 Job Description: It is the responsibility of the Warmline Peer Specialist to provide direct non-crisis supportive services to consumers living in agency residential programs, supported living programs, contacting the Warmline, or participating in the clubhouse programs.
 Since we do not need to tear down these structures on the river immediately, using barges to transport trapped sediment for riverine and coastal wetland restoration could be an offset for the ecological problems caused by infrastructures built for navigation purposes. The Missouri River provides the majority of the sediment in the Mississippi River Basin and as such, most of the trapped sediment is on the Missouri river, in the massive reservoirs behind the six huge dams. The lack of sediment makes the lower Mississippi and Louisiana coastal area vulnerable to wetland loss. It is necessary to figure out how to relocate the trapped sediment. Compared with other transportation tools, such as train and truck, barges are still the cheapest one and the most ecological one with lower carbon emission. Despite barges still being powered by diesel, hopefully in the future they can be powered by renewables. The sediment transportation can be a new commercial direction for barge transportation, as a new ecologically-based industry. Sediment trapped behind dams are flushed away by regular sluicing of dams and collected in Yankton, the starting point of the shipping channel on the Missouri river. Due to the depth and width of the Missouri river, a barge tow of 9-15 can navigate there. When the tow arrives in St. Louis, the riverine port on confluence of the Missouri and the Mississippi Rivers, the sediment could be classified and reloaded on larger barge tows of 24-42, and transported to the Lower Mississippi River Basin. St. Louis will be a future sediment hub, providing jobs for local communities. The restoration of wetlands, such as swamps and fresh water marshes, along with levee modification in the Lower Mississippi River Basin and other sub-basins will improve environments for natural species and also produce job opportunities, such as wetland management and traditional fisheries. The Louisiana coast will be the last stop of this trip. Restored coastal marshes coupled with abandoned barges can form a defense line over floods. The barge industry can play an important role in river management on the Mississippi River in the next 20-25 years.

--

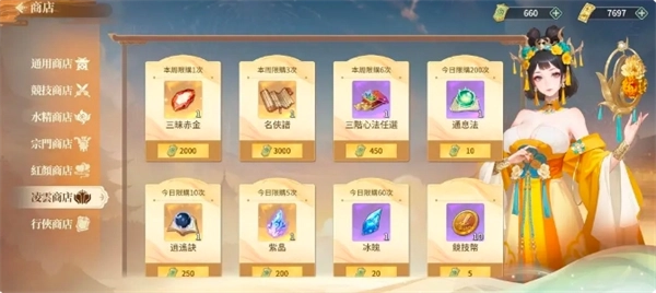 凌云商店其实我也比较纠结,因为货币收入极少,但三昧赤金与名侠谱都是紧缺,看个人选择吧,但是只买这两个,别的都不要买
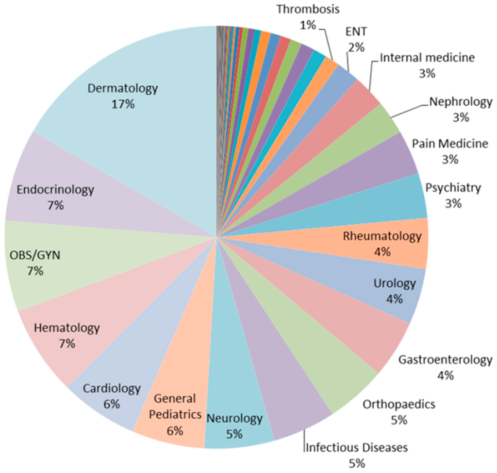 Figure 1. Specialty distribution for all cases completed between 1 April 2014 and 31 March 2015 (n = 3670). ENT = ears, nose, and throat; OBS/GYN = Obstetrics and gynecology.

### Work required
Your answer must be the exact lines from the records above, from the one containing "凌云商店其实我也比较纠结,因" through the one containing "Figure 1. Specialty", both included, with every picture left out.

### Answer to the exercise
 凌云商店其实我也比较纠结,因为货币收入极少,但三昧赤金与名侠谱都是紧缺,看个人选择吧,但是只买这两个,别的都不要买
 Figure 1. Specialty distribution for all cases completed between 1 April 2014 and 31 March 2015 (n = 3670). ENT = ears, nose, and throat; OBS/GYN = Obstetrics and gynecology.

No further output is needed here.